At the Culver City Unified School Board meeting on Monday August 9, the board named Quoc Tran as the new Superintendent of Schools.
Board President Dr. Tashon McKeithan enthused “I can say that everyone on the board knew that this would be our decision, and I’m delighted that Mr. Tran will be starting the school year with us.”
Tran, currently the assistant superintendent of educational services at Franklin-McKinley School District in San José, California, will replace Leslie Lockhart, who announced her retirement earlier this year.
“I am proud of the exhaustive, transparent and collaborative process that led us to the District’s new superintendent,” said McKeithan. “We solicited and received input from the public and our school communities at every turn, and I know that this inclusive process has helped us hire the right person. Mr. Tran comes to us with a great deal of experience and a true commitment to diversity, equity and inclusion. He will be a true asset to our District.”
Tran previously served as associate superintendent of educational services at Soledad Unified, and Alisal Union school districts, in Monterey County, California. He earned a bachelor’s degree in electrical engineering from California State University – Los Angeles and has taught fourth and fifth grade, bilingual (Vietnamese) mathematics and science at the high school levels in Los Angeles. Tran is bilingual and bi-literate in Vietnamese, and has earned a master’s degree in educational leadership from California State University – Los Angeles.
As an adjunct professor at Claremont Graduate University (CGU), he was a co-recipient of a U.S. Fulbright-Hays Group Project Abroad Scholarship, Project VOICE-CGU (2010-2017) where he co-led a team of 12 future teachers on a six-week immersive study trip to Vietnam.
In addition to teaching and his engineering background, he has experience as a director in the areas of English Learner Services, Equity Programs, Multi-tiered System of Support, Curriculum & Instruction, Research, Data Analysis & Assessments, State & Federal Projects, and Public Information & Communication.
Tran’s fiancée, Crystal Hahm, is also an educator and has spent 19 years as a third-grade teacher in the Tustin Unified School District, where she was once a Teacher of the Year nominee.

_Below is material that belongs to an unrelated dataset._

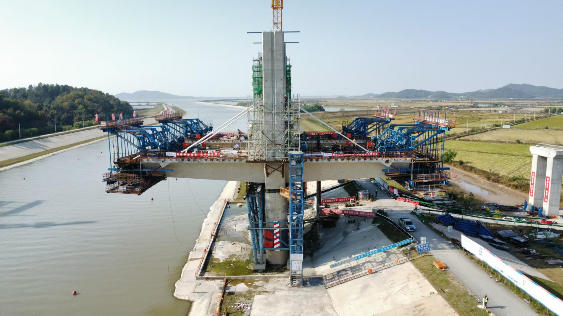 孫瑞曉告訴記者,長(zhǎng)河特大橋?qū)儆谔焯旄咚俟窡o為至安慶段10標(biāo)段施工范圍,該標(biāo)段起點(diǎn)位于樅陽縣官埠橋鎮(zhèn)繼光村,終點(diǎn)位于安慶市宜秀區(qū)楊橋鎮(zhèn),全長(zhǎng)8.9公里,路基長(zhǎng)度6.4公里,橋梁共有6座,長(zhǎng)度2.4公里,包括5座大橋,1座特大橋。當(dāng)前路基工程已基本結(jié)束,長(zhǎng)河特大橋正在進(jìn)行懸臂澆筑和掛梁施工,預(yù)計(jì)明年8月進(jìn)行合龍。

Having grown up in the Vietnam War; Tran arrived in the U.S. at the age of 17 after spending years in a refugee camp in Malaysia and has committed to focus his life work to confront issues impacting diversity, inclusion and equity in the public education arena.
“The great poet Maya Angelou once said, ‘… that in diversity there is beauty and there is strength,’” Tran said. “I am honored to bring my passion and commitment to achieve the beauty and strength of the diversity that we are, the inclusion that we practice, and the equity outcome that we create for all students.”